Last week (which seems almost an age ago) when the NSA telephone call meta-data portion of the NSA disclosures first broke, Ben wondered about how an application could be written that would satisfy Section 215’s requirements. As Ben noted, Section 215 only allows an order of disclosure based on “a statement of facts showing that there are reasonable grounds to believe that the tangible things sought are relevant to an authorized investigation.” How, he asked, could anyone write such an application for what is, in essence, the metadata for every telephone call that happens inside the United States and every call that occurred between the United States and another country? [And, as an aside, if I had to guess why foreign-to-foreign metadata is not covered it is because the US believes that no FISA order is required for that data … so it may be collected even without an order.]
Turns out that, at least in my view, writing such an application would be pretty easy. And when I say “easy” here I mean easy in the sense of technical description. I really don’t know how a whole database might be construed as a “tangible thing,” though I assume there is a legal opinion saying so. What I am talking about is just the question of big data manipulation.
And on that score the science of big data analytics is clear — large databases are effective in establishing patterns only to the extent they are actually comprehensive. If your argument is that we need to do a social network analysis to find terrorist connections, then you need the entire network to provide the grist for the mill, so to speak. That, almost surely, is what DNI Clapper meant when he said: “The collection is broad in scope because more narrow collection would limit our ability to screen for and identify terrorism-related communications. Acquiring this information allows us to make connections related to terrorist activities over time.”
And, so, that brings us to Paul Revere. Readers who want to see how social network analysis can be done from data sets will find most interesting (and amusing) this post by Kieran Healey (a sociology professor at Duke) — “Using Metadata to find Paul Revere.” Healy did a very simple form of matrix analysis using only two factors — the name of a person and the name of the political clubs he belonged to — and applied it to the colonist revolutionaries.

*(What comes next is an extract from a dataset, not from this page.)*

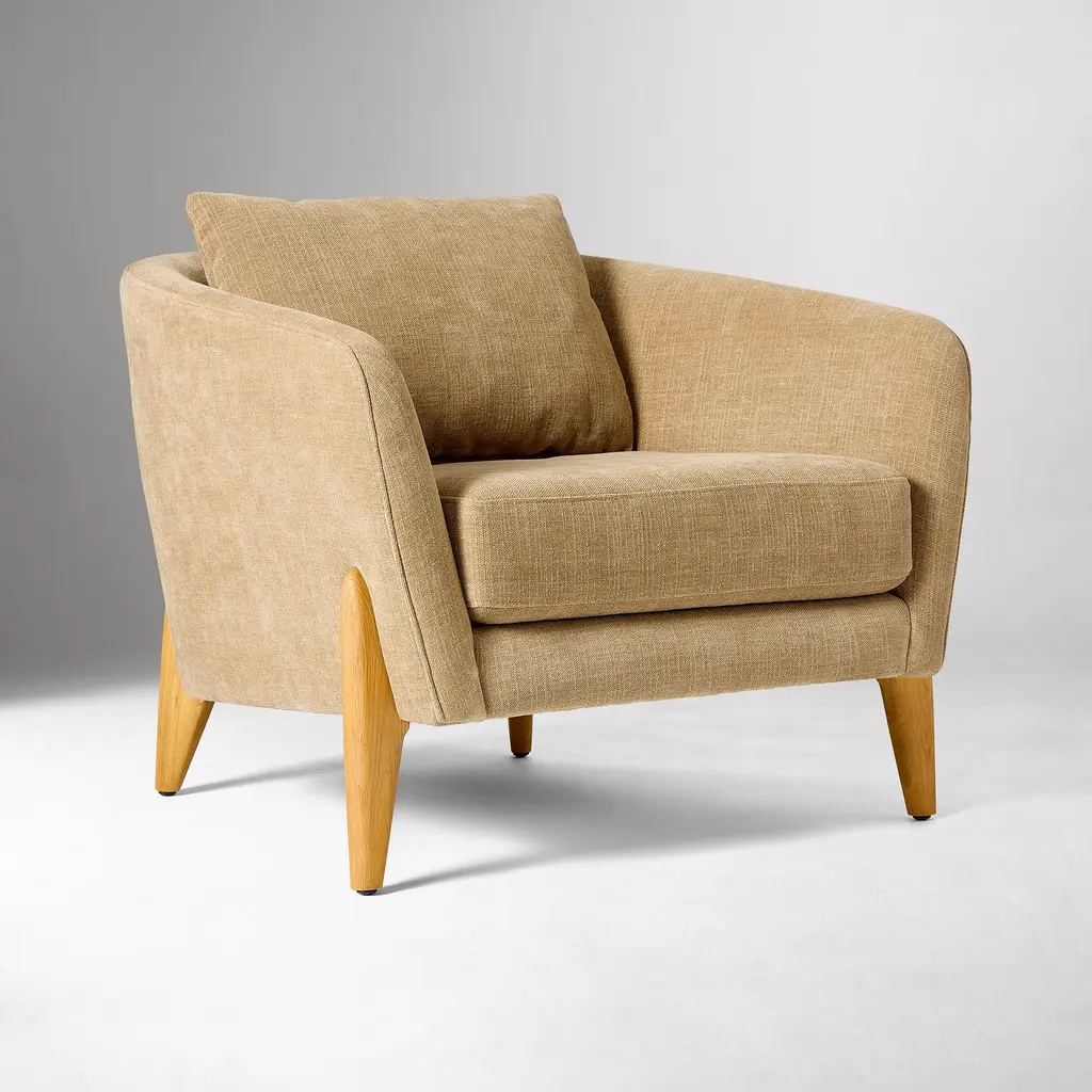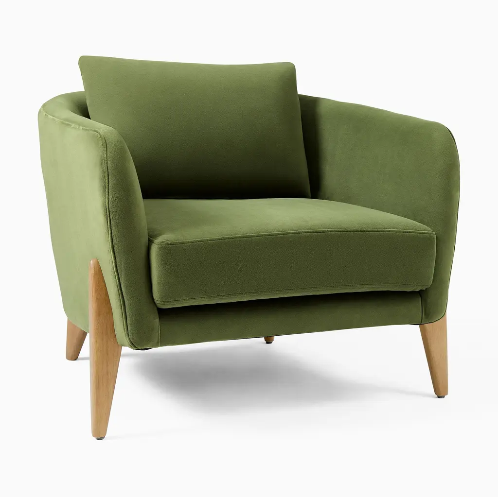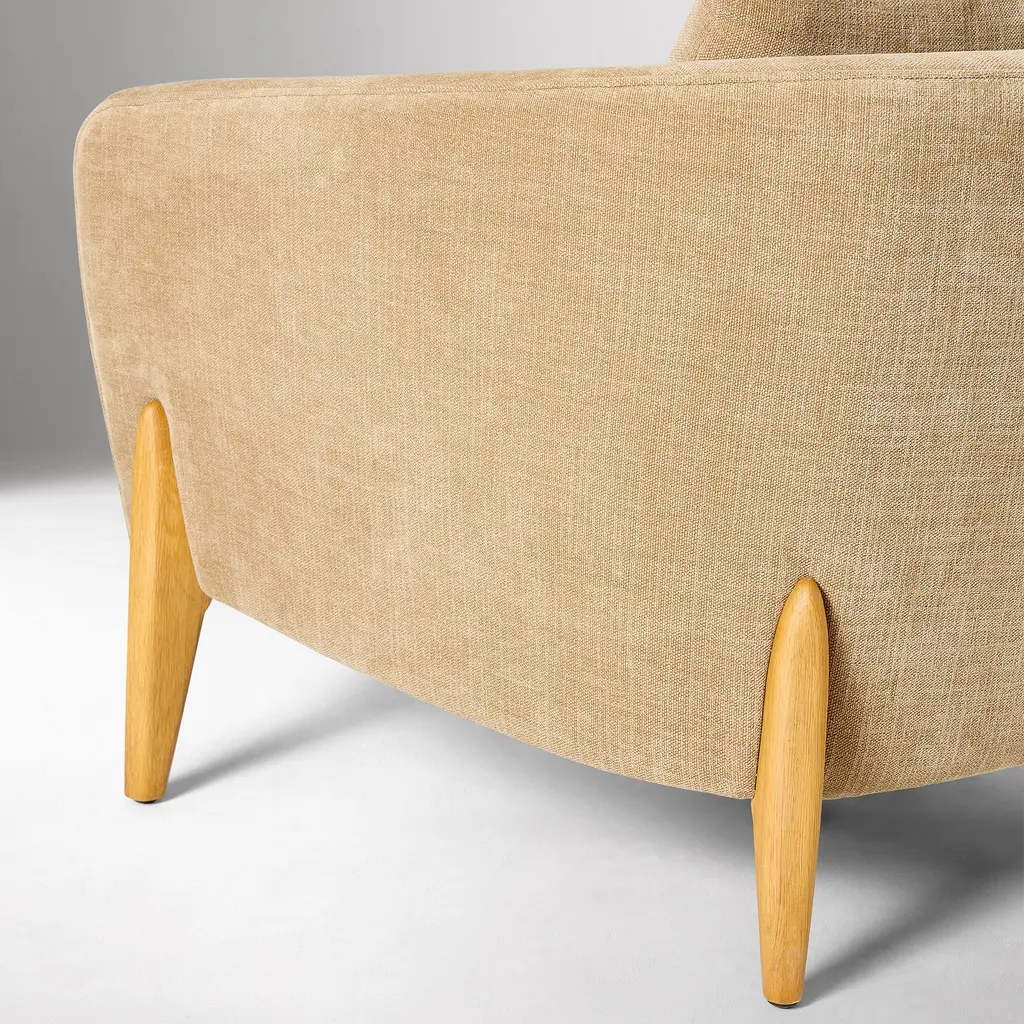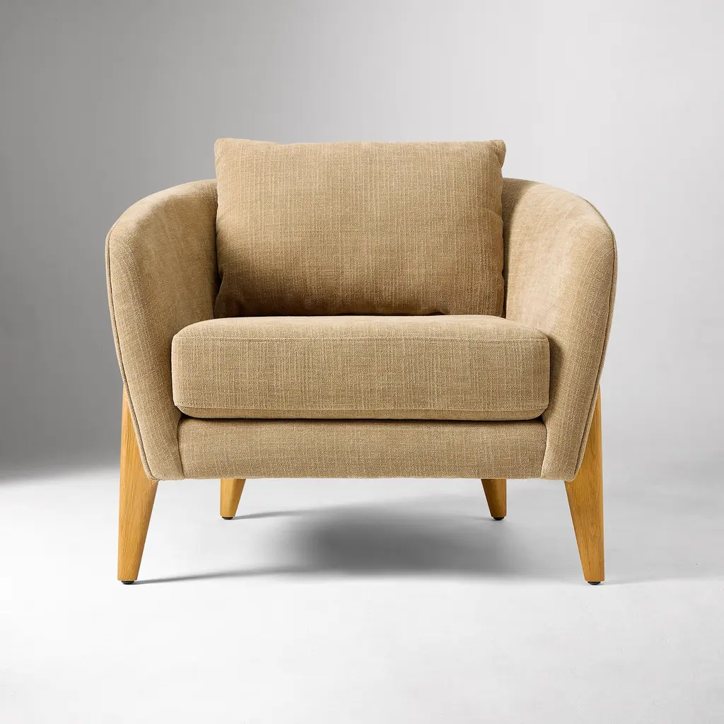 Exposed wood legs pop against your choice of upholstery. Softly rounded back beckons you to sit back and lounge awhile. GREENGUARD Gold Certified for a healthier home. Contract Grade, so you know it's built to last.

The names were familiar — Sam and John Adams — as were the clubs (the North Party and the Long Room Club, for example). He used data collected from historical records by David Hackett Fisher that might well have been available to the British at the time of the revolution.
The results demonstrate the power of matrix analysis. And, notably, this is only analysis of metadata (who belonged to which clubs) and not at all related to any of the content of what happened inside those clubs.
What he found is quite stunning for those who don’t know big data. Perhaps it’s a bit of a spoiler to say so (and I urge you, if you are interested, to read the whole paper, which is quite entertaining) but it turns out that the data pop out one man as the lynchpin for a large fraction of the organization of the clubs and the men in Boston — Paul Revere. And while, in historical retrospect he may not have been THE leader of the revolution, it is pretty clear that he was a significant operative in the revolutionary operations. And with just two fields of data British counter-intelligence of the era might have learned about his significance. [Note, of course, that more fields of data gives even greater granularity and fidelity to the conclusions.]
And that, I think, is the answer to the relevance question. It is quite easy, in fact, to say that the large data set can, with appropriate manipulation, reveal the organizational details of social structures. Terrorist activities are social structures of that sort. To my mind it is pretty clear that there are reasonable grounds to believe that the telephone call metadata data base is relevant to the discovery of that structure and therefore relevant to an investigation of those terrorists. I’m not at all surprised that the FISA Court agreed.
Two final points: I’m being descriptive here, not normative. Just because it’s effective and legal doesn’t mean it is wise. And, the technique is, of course, value neutral. It can be used to discover links for other types of groups and it can be used in other large data sets. The limits we set are only constraints of law — the technology is not self-limiting.